As with so many Verhoeven films, Hollow Man‘s story is well under way when Sebastian Cain, a young genius scientist leading a research team funded by the American military, discovers the secret of reversing an invisibility process, which they have already discovered. They have been experimenting on animals, which the military presumably intends for some sort of weapons development. One character actually asks if the invisibility is in worse hands with Sebastian than it would be in the hands of the government, a point that is not played up by Verhoeven, especially when the general in charge of the research project is murdered. Hardly the dupes of government manipulation, this is a divisive group riddled with vanity and narcissism, prone to displaying and extolling their imagined genius, and bemoaning their failings in the face of Sebastian’s undoubted abilities. Elizabeth Shue plays Linda, Sebastian’s ex-girlfriend, torn between her admiration for Sebastian, her own ambition, and her desire for a normal relationship with her new boyfriend, Matt (Josh Brolin). Right from the start Matt, who is also part of the team, is painted as the all-too-good guy, and it’s almost a wonder that he doesn’t die (1). He’s the saintly double to Sebastian’s evil angel, and the salvation that Linda discovers in his arms indicates that it is their relationship that provides the moral counterpoint to Sebastian’s sordid behaviour.

Brolin’s is a wonderfully nuanced and subtle cardboard performance that Verhoeven has so consistently favoured in his science-fiction films, reaching its peak in the sublime casting of Starship Troopers (1997) (2). He is more interested in character-types than in performance, articulating an ironic distance to the dramatic conventions of character construction. The first glimpse of the two main characters in Starship Troopers is actually a graphic outline when Johnny (Caspar Van Diem) designs a computer animation to send to Carmen’s (Denise Richards) computer. It is a simple animation of Johnny kissing Carmen, which Verhoeven uses to illustrate the archetype and the illusion of a three-dimensional character.
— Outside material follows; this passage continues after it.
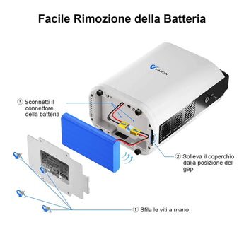Sì, l'VP-1 è dotato di una batteria ricaricabile integrata, facile da trasportare. Puoi collegare l'VP-1 a una fonte di alimentazione CA/CC con un cavo di alimentazione appropriato per la ricarica. Se l'apparecchio è in uso, il tempo di ricarica della batteria sarà più lungo.
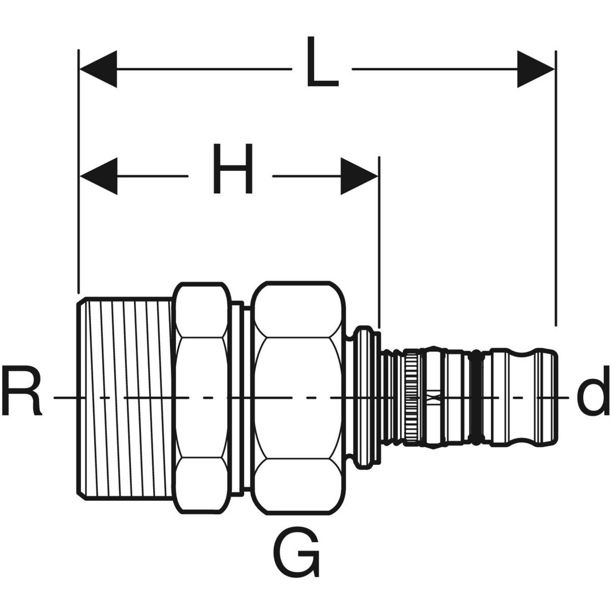 Śrubunek przejściowy GEBERIT Mepla, miedź / miedź, 1 1/2'' x 50 mm (GZ gazowy stożkowy x końcówka wciskowa) z uszczelką

In Verhoeven’s films there is text, subtext, and deconstruction, which is always a popular tool of an ironist. And perhaps, beyond a cathartic reaction to his own personal experiences in Nazi-occupied Amsterdam as a child, the explicitness of the violence and gore in his films seeks to draw attention to the way audiences predictably respond to a characters’ fate. It is not an ambivalent distance, rather than a simple acknowledgement that they are only characters on a screen, which does not deny that he still likes his characters. The extraordinarily graphic slaughter of Peter Weller in Robocop (1987) is a testament to Verhoeven’s skill at eliciting a sympathetic reaction to a sketchily drawn character at the beginning of that film. It could be that the explicitness of violence in his films offers some sort of perverse examination of what can be found inside a person, and that perhaps there is only blood and organs. A person’s character can not be found within their anatomy: the erasure of Sebastian’s body in Hollow Man draws attention to the evil potential of his character.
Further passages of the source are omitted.